» Data extract:

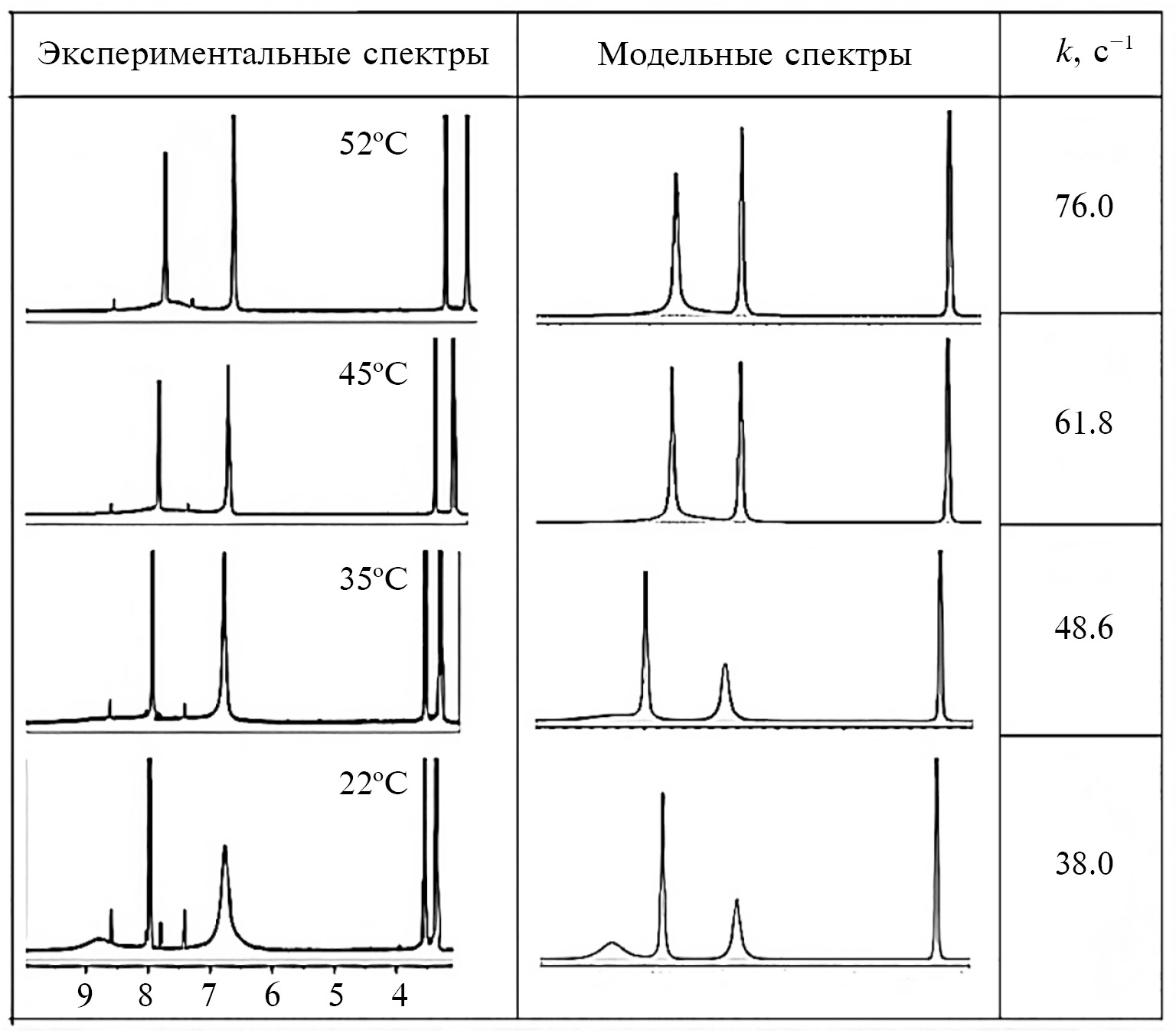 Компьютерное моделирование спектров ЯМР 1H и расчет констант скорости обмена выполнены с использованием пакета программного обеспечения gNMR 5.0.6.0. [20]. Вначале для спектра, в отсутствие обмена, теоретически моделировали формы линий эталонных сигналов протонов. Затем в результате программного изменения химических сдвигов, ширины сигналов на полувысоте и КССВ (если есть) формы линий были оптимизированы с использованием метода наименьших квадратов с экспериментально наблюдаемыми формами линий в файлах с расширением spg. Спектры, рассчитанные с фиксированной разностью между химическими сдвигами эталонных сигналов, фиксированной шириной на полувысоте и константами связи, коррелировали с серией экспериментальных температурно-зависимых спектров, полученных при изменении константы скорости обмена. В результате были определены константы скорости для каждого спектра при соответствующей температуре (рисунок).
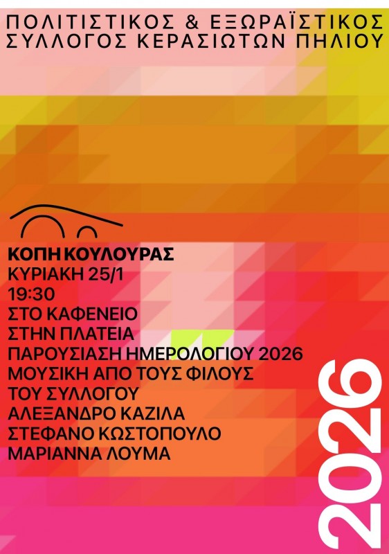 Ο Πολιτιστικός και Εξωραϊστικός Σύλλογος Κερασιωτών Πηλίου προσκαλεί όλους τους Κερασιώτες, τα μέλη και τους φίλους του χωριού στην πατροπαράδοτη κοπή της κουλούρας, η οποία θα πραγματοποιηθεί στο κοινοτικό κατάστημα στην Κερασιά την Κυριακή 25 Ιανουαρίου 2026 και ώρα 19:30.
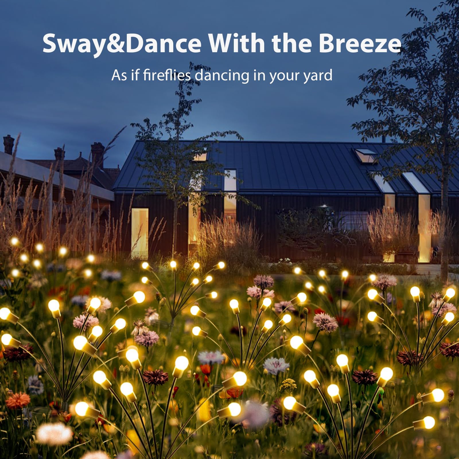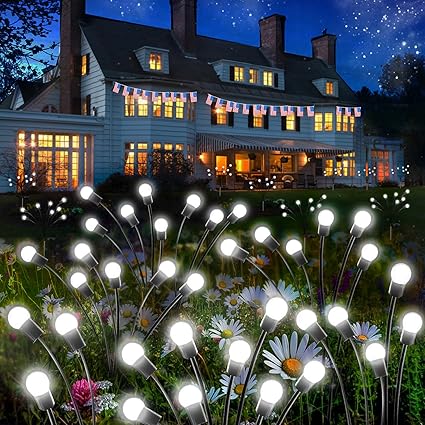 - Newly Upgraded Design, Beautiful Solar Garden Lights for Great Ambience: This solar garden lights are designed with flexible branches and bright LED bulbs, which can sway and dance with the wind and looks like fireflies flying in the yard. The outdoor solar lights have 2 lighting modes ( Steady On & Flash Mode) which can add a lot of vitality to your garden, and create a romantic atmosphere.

» What this task involves: An exact reproduction of the data is required, with pictures excluded.

» Response below:
 Компьютерное моделирование спектров ЯМР 1H и расчет констант скорости обмена выполнены с использованием пакета программного обеспечения gNMR 5.0.6.0. [20]. Вначале для спектра, в отсутствие обмена, теоретически моделировали формы линий эталонных сигналов протонов. Затем в результате программного изменения химических сдвигов, ширины сигналов на полувысоте и КССВ (если есть) формы линий были оптимизированы с использованием метода наименьших квадратов с экспериментально наблюдаемыми формами линий в файлах с расширением spg. Спектры, рассчитанные с фиксированной разностью между химическими сдвигами эталонных сигналов, фиксированной шириной на полувысоте и константами связи, коррелировали с серией экспериментальных температурно-зависимых спектров, полученных при изменении константы скорости обмена. В результате были определены константы скорости для каждого спектра при соответствующей температуре (рисунок).
 Ο Πολιτιστικός και Εξωραϊστικός Σύλλογος Κερασιωτών Πηλίου προσκαλεί όλους τους Κερασιώτες, τα μέλη και τους φίλους του χωριού στην πατροπαράδοτη κοπή της κουλούρας, η οποία θα πραγματοποιηθεί στο κοινοτικό κατάστημα στην Κερασιά την Κυριακή 25 Ιανουαρίου 2026 και ώρα 19:30.
 - Newly Upgraded Design, Beautiful Solar Garden Lights for Great Ambience: This solar garden lights are designed with flexible branches and bright LED bulbs, which can sway and dance with the wind and looks like fireflies flying in the yard. The outdoor solar lights have 2 lighting modes ( Steady On & Flash Mode) which can add a lot of vitality to your garden, and create a romantic atmosphere.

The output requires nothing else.